Nesta seara, é incontestável o impacto que as redes sociais propiciam aos cidadãos, principalmente no que diz respeito a disseminação de informações de interesses comuns, pois o amplo acesso a informação mobiliza e estimula praticas, difunde informações e estimula reivindicações, além de formar ou modificar opiniões. O que pode ter efeitos que chegam a ser devastadores na vida de pessoas com pretensões questionáveis, inseridas no meio, ou mesmo de figuras públicas.

As redes sociais também têm importante papel de disseminação de informação, principalmente, quando ela é utilizada para expôr o contraditório ao senso, até então, comum. Como por exemplo, expôr os malefícios ou retrocessos que podem afetar as conquistas existentes, quando da tramitação de um projeto de lei "pretensamente" benéfico aos animais.

Não se pode evocar que representa ofensa pessoal, um juízo crítico em relação a comportamentos ou atuações individuais, desempenhados na esfera pública e de interesse coletivo, pelo simples fato de que cidadãos que se dedicam à política e à vida pública, estão sujeitos a ter seus atos analisados e criticados. Em outras palavras, jogue o jogo.

No âmbito político, é o interesse social que legitima o direito de criticar, se a crítica se refere a um “ato x”, é preciso que esse “ato x” tenha existência.  Neste caso, a crítica não ataca a pessoa natural e seus atributos, mas sim a sua atuação política.

Portanto, como ativista e coordenadora de um movimento nacional que defende os direitos dos animais, eu tenho o direito de informar, tanto aos meus seguidores, quanto aos envolvidos no mesmo movimento social, tudo o que considero importante e que possa trazer efeitos positivos ou negativos aos nossos interesses comuns. Essa é uma prerrogativa essencial e basilar do regime democrático de direito, não podendo o Poder Judiciário ser utilizado como instrumento de tentativa restrição a essa importantíssima franquia individual. Por outro lado, uma das particularidades da redes sociais é a de qualquer pessoa pode reproduzir ou compartilhar postagens críticas, que foram escritas sem ofender moralmente os agentes criticados, tecendo, no compartilhamento, suas próprias impressões que podem ser ou não ofensivas, sendo que estas, em caso concreto de ofensa moral, podem ser responsabilizadas por este conteúdo.

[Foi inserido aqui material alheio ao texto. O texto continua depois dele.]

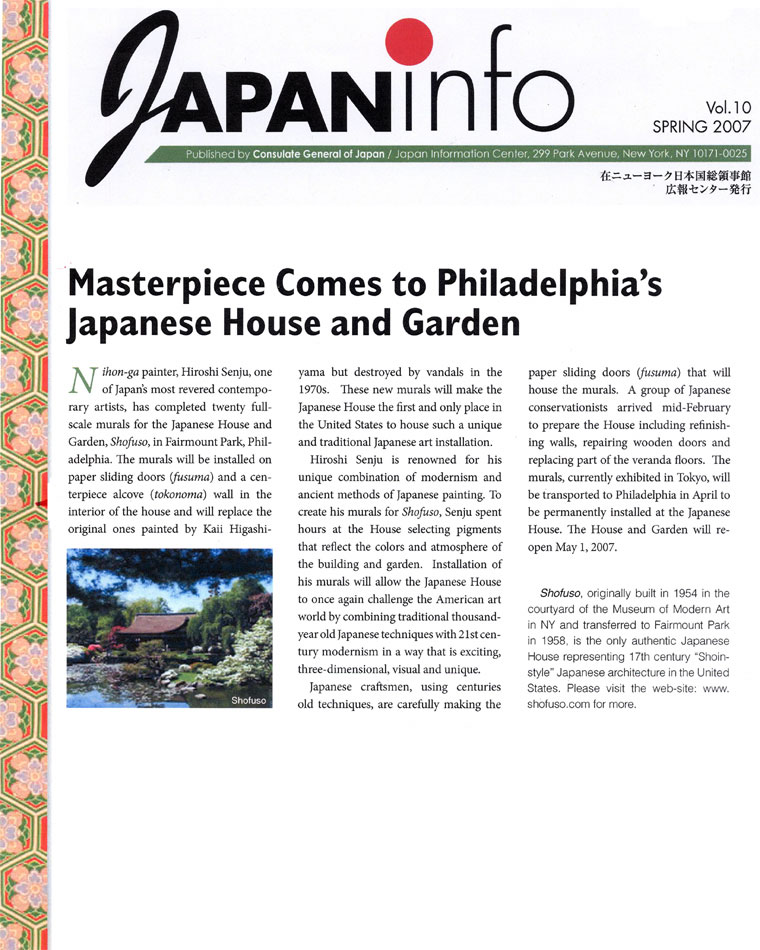 "Hiroshi Senju, one of Japan's most revered and internationally acclaimed contemporary artists, will complete his work in December of 2006 on a set of 27 syohekiga murals to be donated to Shofuso."

Acredito que figuras públicas não deveriam se utilizar de processos judiciais como forma de tentar ameaçar, intimidar, cercear ou constranger quem o critica, forçando-os a gastar seus poucos recursos com advogados, uma vez que possuem o conhecimento que o defensor gasta quase a totalidade de seus recursos financeiros com os animais. Figuras públicas devem exercer suas atividades, no âmbito para o qual foram eleitas, com mais excelência e menos mi mi mi. Evitando, somente desta forma, a crítica sobre suas ações.

Esse é o entendimento do juiz FERNANDO DE CASTRO MESQUITA, no julgamento do REP 148407 GO

“Cumpre salientar que, em consonância com a teoria da proteção débil do homem público, quem pretende candidatar-se a cargo público deve receber com mais naturalidade e com menos sensibilidade as críticas próprias do embate político.”

Vale ressaltar que aquele que ocupa cargo político, é pessoa pública, sendo portanto inerente ao seu status, decorrente da função que ocupa, ser criticado, observado e cobrado pela sociedade. Se todos os políticos que são criticados, resolvessem processar quem os critica, o judiciário entraria em colapso.

Desta forma, decidiu a juíza Marília de Ávila e Silva Sampaio, no julgamento do processo  0716559-49.2015.8.07.0016, do TJDF, movido por um deputado federal contra um cidadão que o criticou no Facebook.

"Permitir que qualquer evento que traga desgosto seja capaz de atrair reparação de cunho moral é banalizar o instituto e fomentar a indústria da indenização moral."